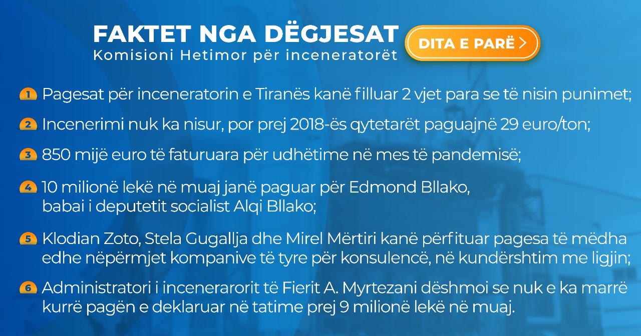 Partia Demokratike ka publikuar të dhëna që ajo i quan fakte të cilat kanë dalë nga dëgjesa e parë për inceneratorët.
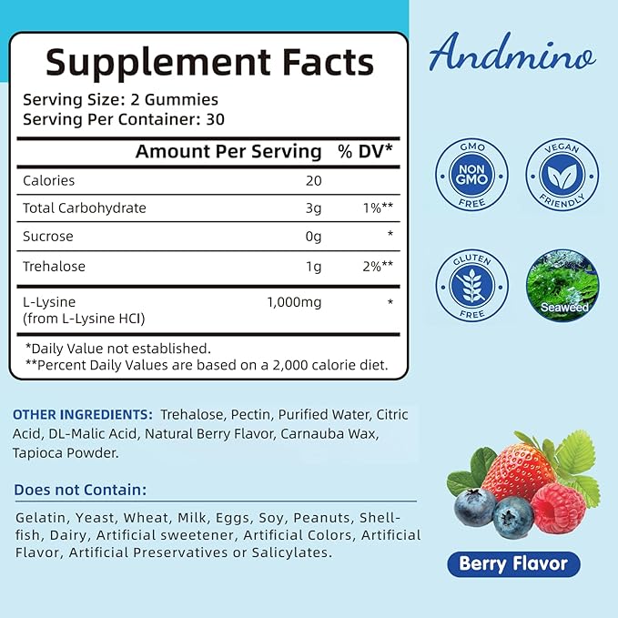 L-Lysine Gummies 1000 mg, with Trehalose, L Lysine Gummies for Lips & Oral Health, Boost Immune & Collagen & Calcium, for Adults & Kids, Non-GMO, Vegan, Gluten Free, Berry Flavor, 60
_ _ _ _
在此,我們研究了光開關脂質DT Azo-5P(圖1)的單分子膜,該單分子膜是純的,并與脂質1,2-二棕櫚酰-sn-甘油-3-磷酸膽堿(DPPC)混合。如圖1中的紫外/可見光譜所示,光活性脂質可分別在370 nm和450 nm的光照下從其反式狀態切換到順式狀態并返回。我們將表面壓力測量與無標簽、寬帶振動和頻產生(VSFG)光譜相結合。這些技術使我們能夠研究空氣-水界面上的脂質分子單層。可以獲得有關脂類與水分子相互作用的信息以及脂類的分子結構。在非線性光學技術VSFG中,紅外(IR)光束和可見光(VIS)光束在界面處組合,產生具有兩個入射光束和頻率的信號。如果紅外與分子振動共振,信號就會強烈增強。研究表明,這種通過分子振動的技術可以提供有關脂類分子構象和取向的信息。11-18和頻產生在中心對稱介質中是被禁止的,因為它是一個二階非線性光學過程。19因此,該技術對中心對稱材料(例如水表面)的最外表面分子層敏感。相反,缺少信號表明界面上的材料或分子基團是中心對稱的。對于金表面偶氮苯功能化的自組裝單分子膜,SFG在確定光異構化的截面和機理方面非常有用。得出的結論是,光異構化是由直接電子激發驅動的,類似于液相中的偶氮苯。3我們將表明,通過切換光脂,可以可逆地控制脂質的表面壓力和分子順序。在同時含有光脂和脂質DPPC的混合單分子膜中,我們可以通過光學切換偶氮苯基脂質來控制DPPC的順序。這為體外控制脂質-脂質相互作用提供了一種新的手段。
_ _ _ _
EXERCISE —
Using the data above, print only the lines starting at the one with "Partia Demokratike ka" and ending at the one with "L-Lysine Gummies 1000", exactly as they stand, minus the pictures.

RESULT —
 Partia Demokratike ka publikuar të dhëna që ajo i quan fakte të cilat kanë dalë nga dëgjesa e parë për inceneratorët.
 L-Lysine Gummies 1000 mg, with Trehalose, L Lysine Gummies for Lips & Oral Health, Boost Immune & Collagen & Calcium, for Adults & Kids, Non-GMO, Vegan, Gluten Free, Berry Flavor, 60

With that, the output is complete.